* _Data shown_:
◆ ◆ ◆ ◆ ◆
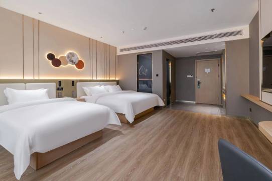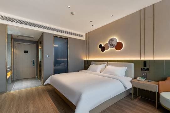 性价比很高的酒店,房间很大很宽敞,周边都是商超,吃饭购物娱乐超级方便,房间的花洒超级大,洗澡方便,出水也快,电视也是超大屏的,可以投屏,躺床上看电视很惬意,早餐到10点,营养又卫生,服务也好,点赞值得推荐
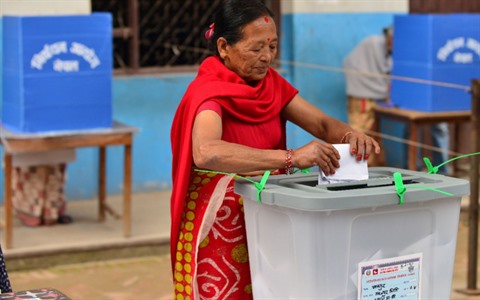 | Dans un bureau de vote de Thimi, près de Katmandou, le 14 mai 2017. |
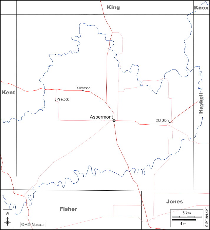 d-maps > United States of America (USA) > Texas > Stonewall County > boundaries, hydrography, main cities, roads, names, white
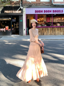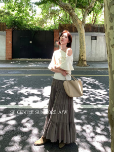 Xiuxixi 2025 秋の新白ラベル気質プリーツハイウエストスカートフレンチロングスカート女性のための 85253
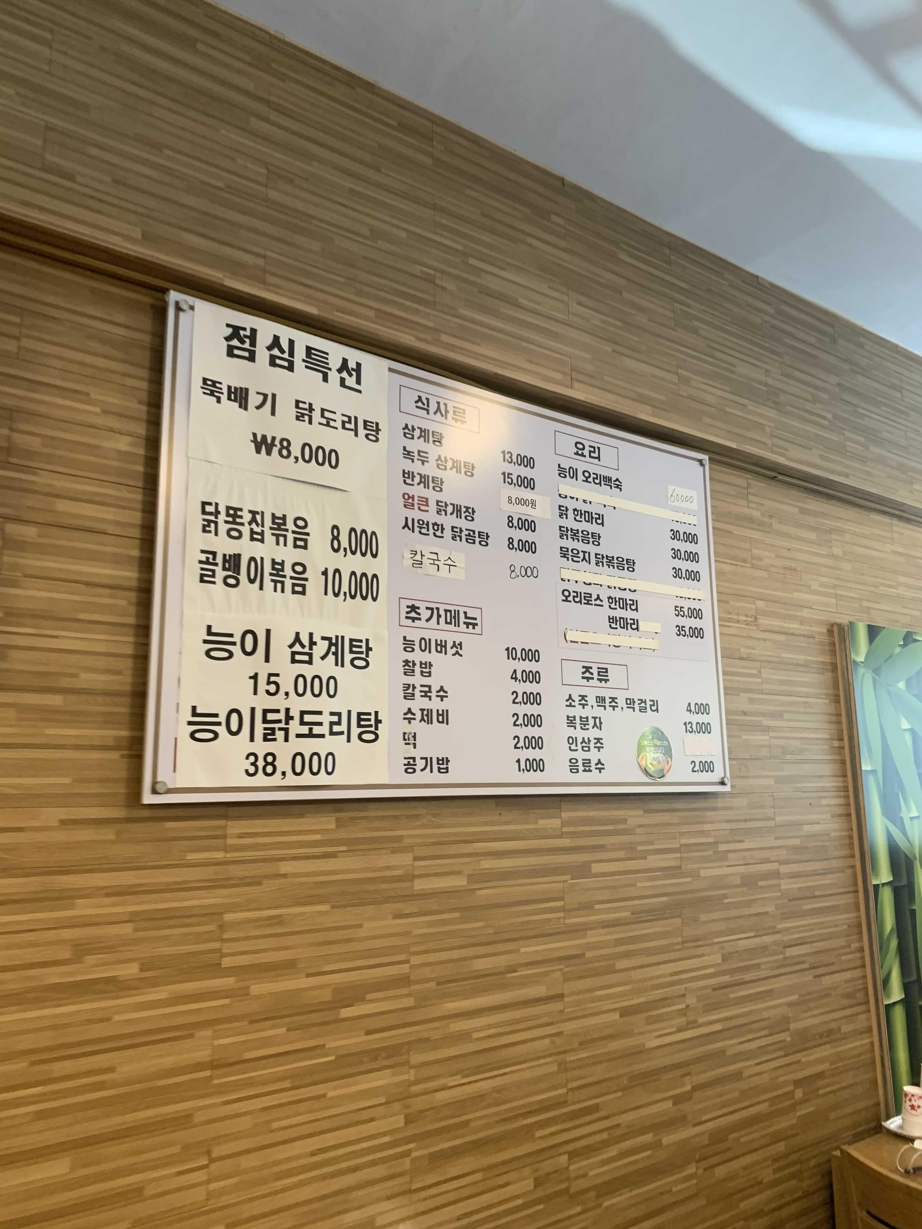 메뉴판을 보며, 점심특선 닭볶음탕 주문하려다, 1인분 닭볶음탕은 맛이 그렇게 없을 거 같더군요. 그래서 오랜만에 삼계탕이나 먹을 겸 삼계탕 주문했습니다. 삼계탕이 13,000원! 서울이라는 지역을 감안해도 좀 비싸게 느껴지는 가격이더군요.
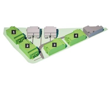 Die 6 Mehrfamilienhäuser und ihre dazugehörigen Zuwegungen sind so angeordnet, dass im Innenhof - geschützt und von der Straße abgewandt - großzügig dimensionierte Grünflächen und für die kleinsten Bewohner ein gut einsehbarer Spielplatz entstehen.
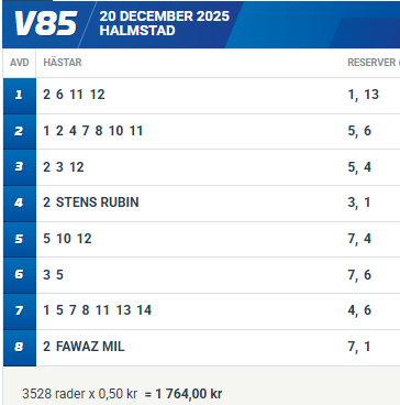 I år nöjer man sig med åtta hästar inklusive omgångens stora favorit 2 Stens Rubin (V85-4).
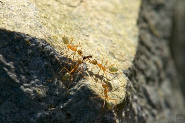 Ein wahrer Krieg tobte zwischen zwei Ameisenarten: Ein kleine schwarze fiel zwischen ein paar grössere und wurde gnadenlos hingemacht. Auch in der Natur gilt das Motto, dass keine Gefangenen gemacht werden! Die einzelnen Gliedmassen der kleinen Ameise wurden von den grösseren ausgerissen und gefressen. Es bleibt auch nichts liegen, alles wird rezykliert.
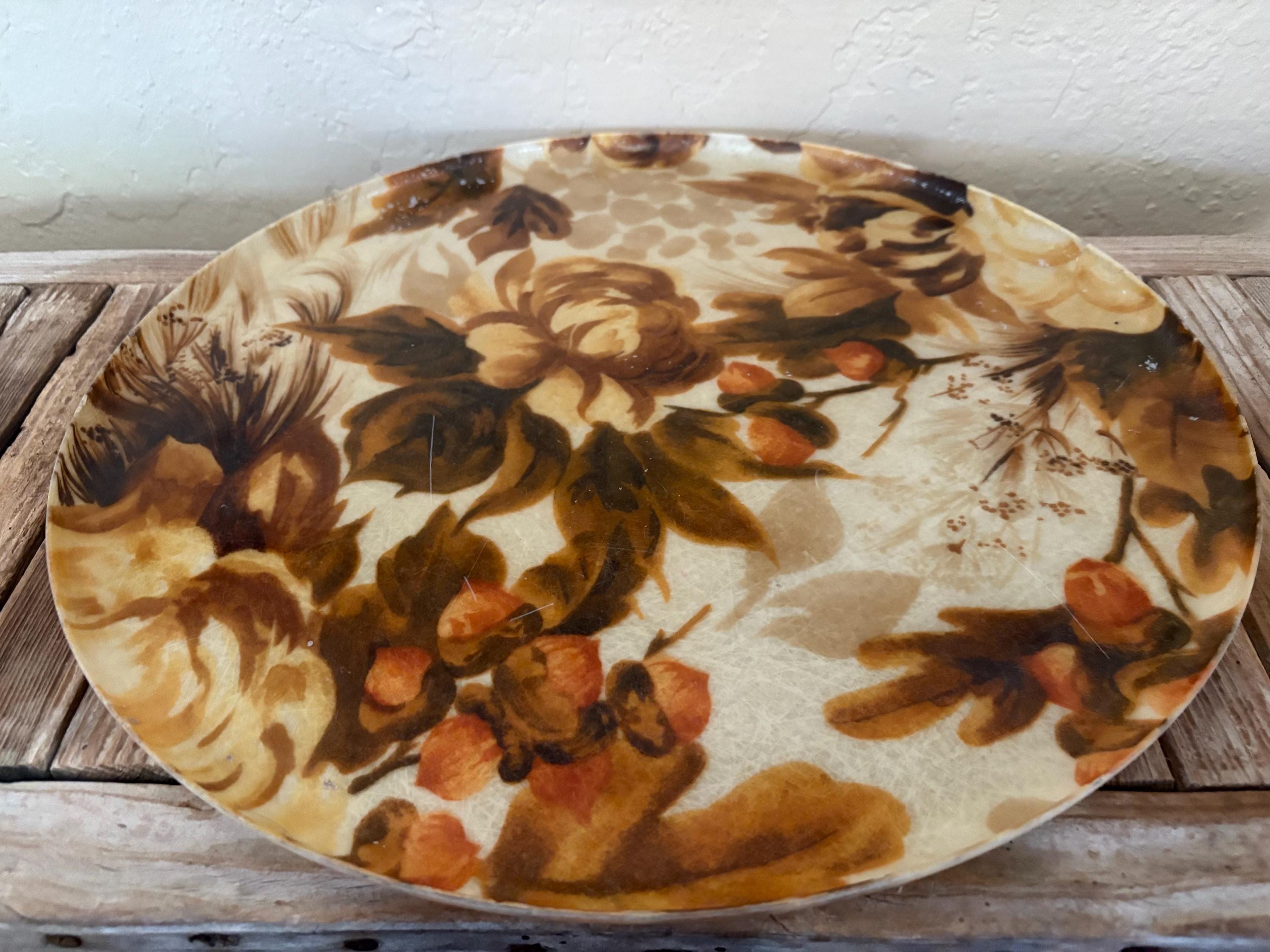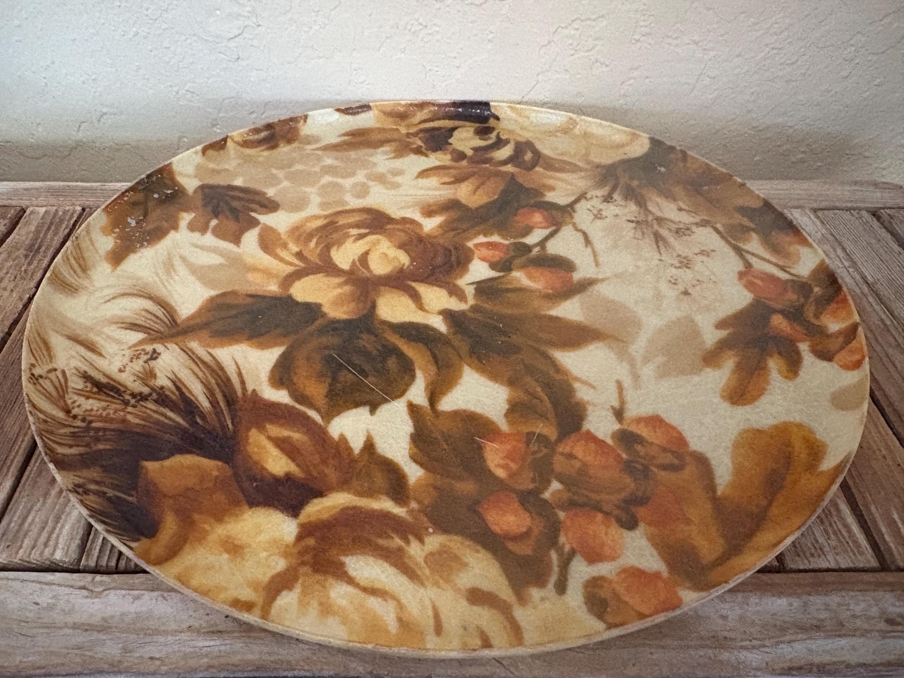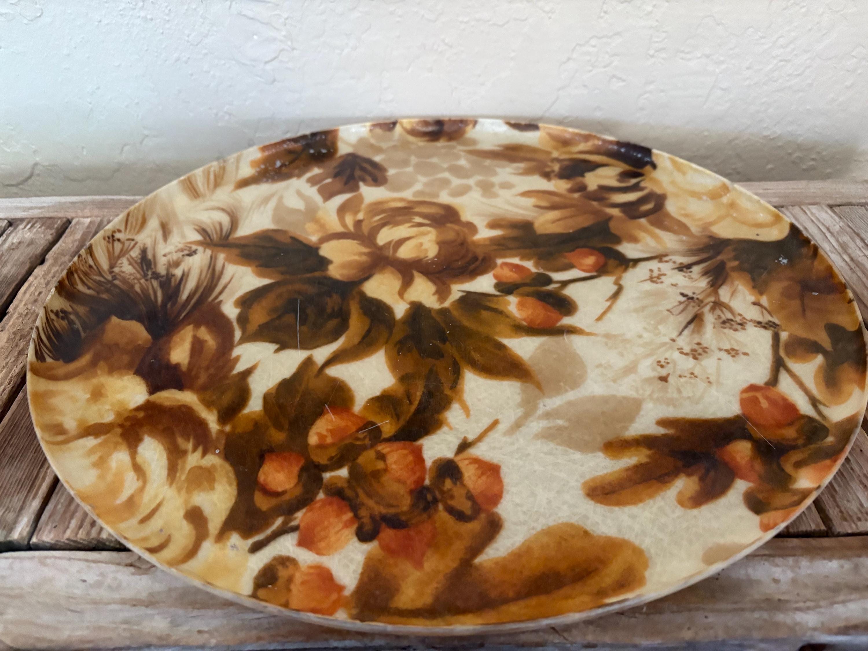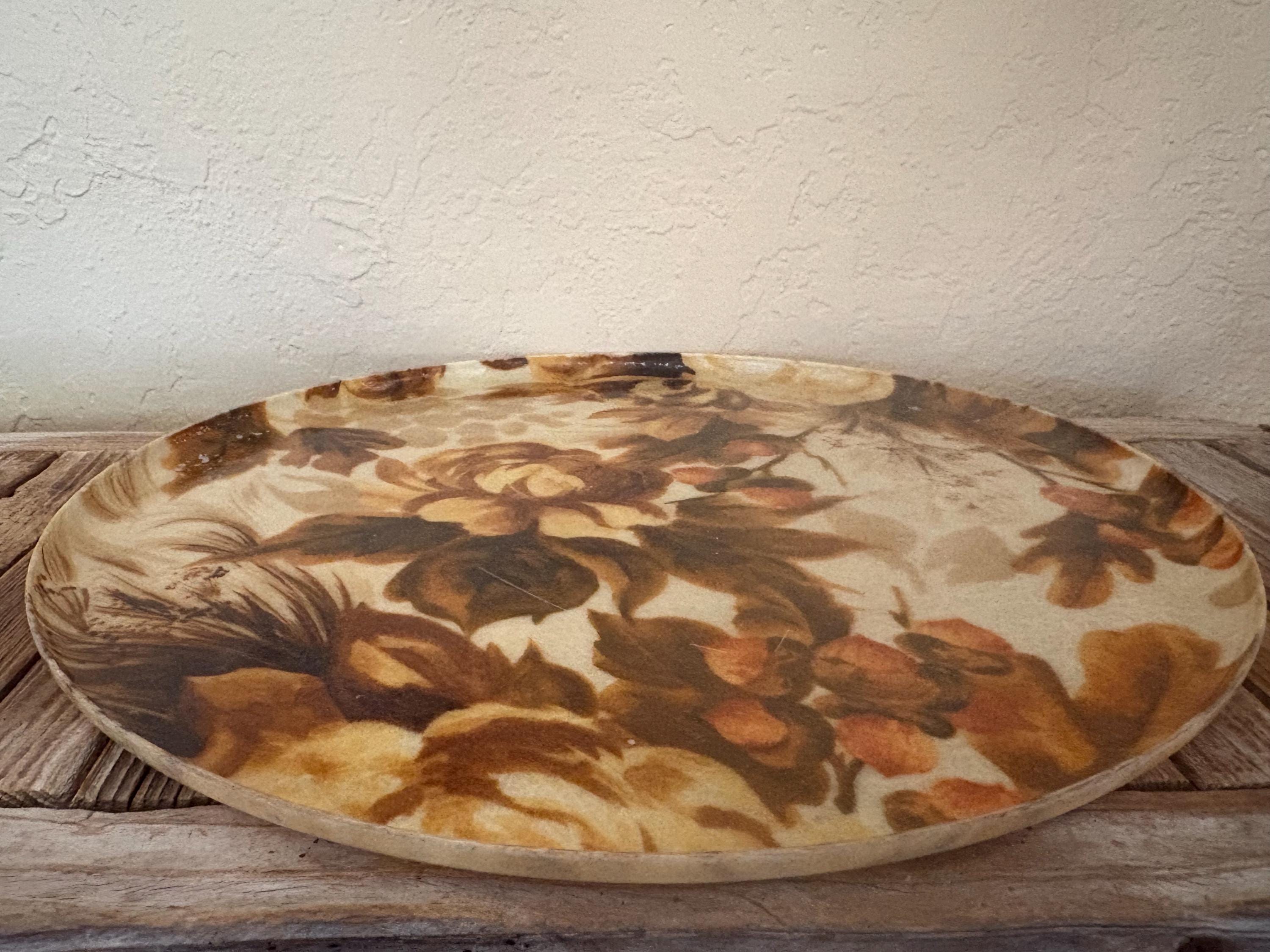 Mid Century Autumn floral fiberglass platter tray. In great used condition, normal wear due to age and use. The piece has surface scrapes and markings to the finish. A beautiful tray to add to your home, the upcoming holidays or as a gift.
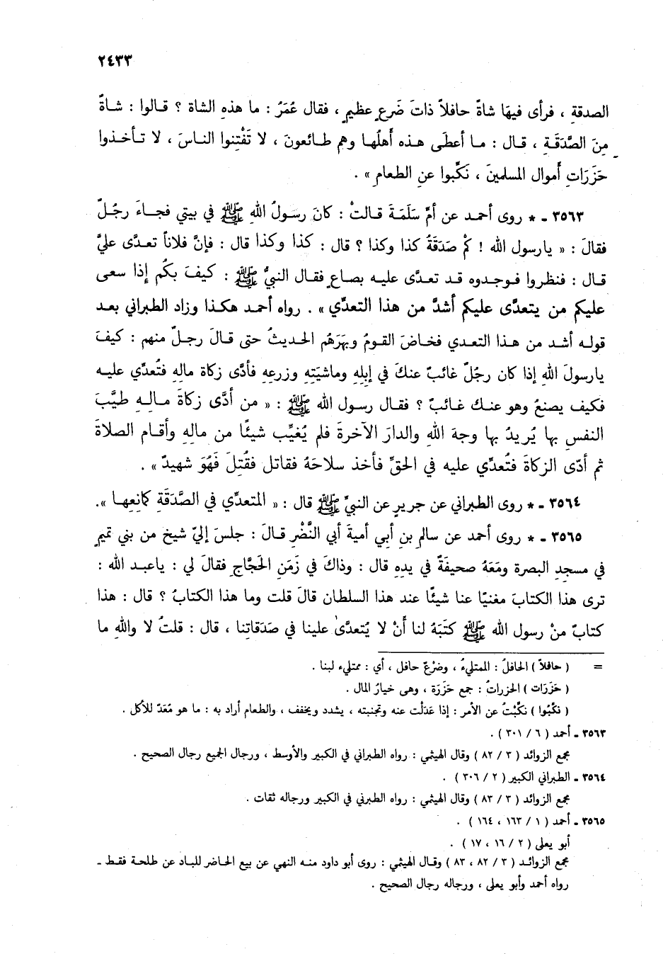 3564 - * روى الطبراني عن جرير عن النبي صلى الله عليه وسلم قال: "المتعدي في الصدقة كمانعها".
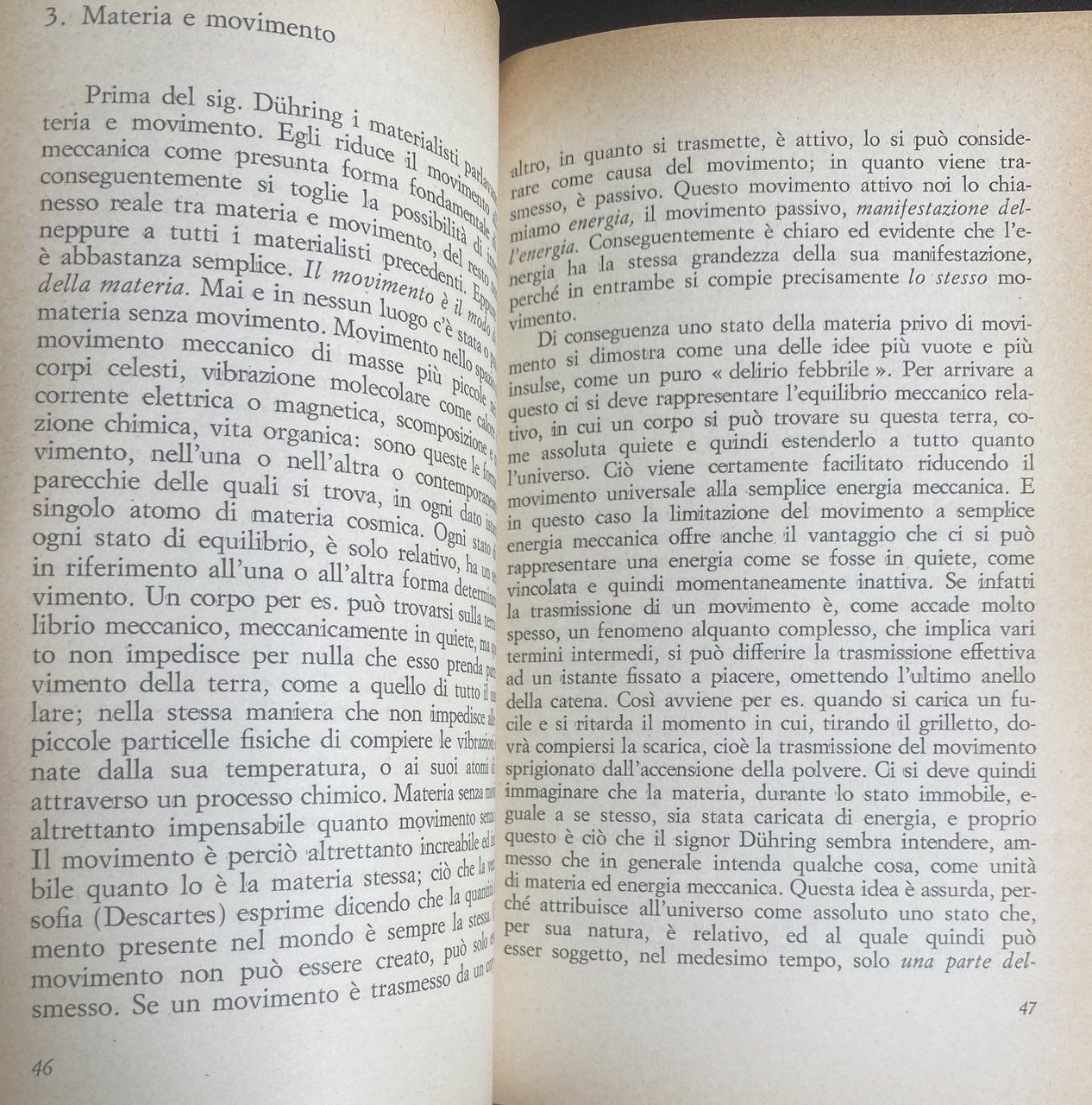 Un'antologia di scritti di Friedrich Engels, curata da Giovanni Mari, che esplora il pensiero di Engels sul socialismo e la dialettica, con particolare attenzione alla sua applicazione alla storia e alla società. L'antologia raccoglie brani significativi dagli scritti di Engels, offrendo una visione ampia e approfondita della sua teoria del socialismo scientifico e del materialismo dialettico. L'opera è particolarmente utile per chi desidera comprendere il pensiero di Engels e il suo contributo allo sviluppo della teoria marxista, con particolare riguardo alla sua concezione della dialettica e della sua applicazione alla storia e al processo sociale. L'antologia è stata pubblicata da La Nuova Italia nel 1975. La curatela permette di comprendere meglio la coerenza e la profondità del pensiero di Engels, in particolare la sua connessione tra dialettica, storia e socialismo. L'antologia include testi che illustrano la teoria di Engels sul materialismo storico, il ruolo della lotta di classe nella storia, e la necessità di una società socialista come passo avanti verso la liberazione dell'umanità.
◆ ◆ ◆ ◆ ◆
* _Activity_: Only the lines starting at the one that includes "mai 2017. |" and ending at the one that includes "Die 6 Mehrfamilienhäuser" should be retyped, exactly, from the records above; no pictures.

* _Written reply_:
 | Dans un bureau de vote de Thimi, près de Katmandou, le 14 mai 2017. |
 d-maps > United States of America (USA) > Texas > Stonewall County > boundaries, hydrography, main cities, roads, names, white
 Xiuxixi 2025 秋の新白ラベル気質プリーツハイウエストスカートフレンチロングスカート女性のための 85253
 메뉴판을 보며, 점심특선 닭볶음탕 주문하려다, 1인분 닭볶음탕은 맛이 그렇게 없을 거 같더군요. 그래서 오랜만에 삼계탕이나 먹을 겸 삼계탕 주문했습니다. 삼계탕이 13,000원! 서울이라는 지역을 감안해도 좀 비싸게 느껴지는 가격이더군요.
 Die 6 Mehrfamilienhäuser und ihre dazugehörigen Zuwegungen sind so angeordnet, dass im Innenhof - geschützt und von der Straße abgewandt - großzügig dimensionierte Grünflächen und für die kleinsten Bewohner ein gut einsehbarer Spielplatz entstehen.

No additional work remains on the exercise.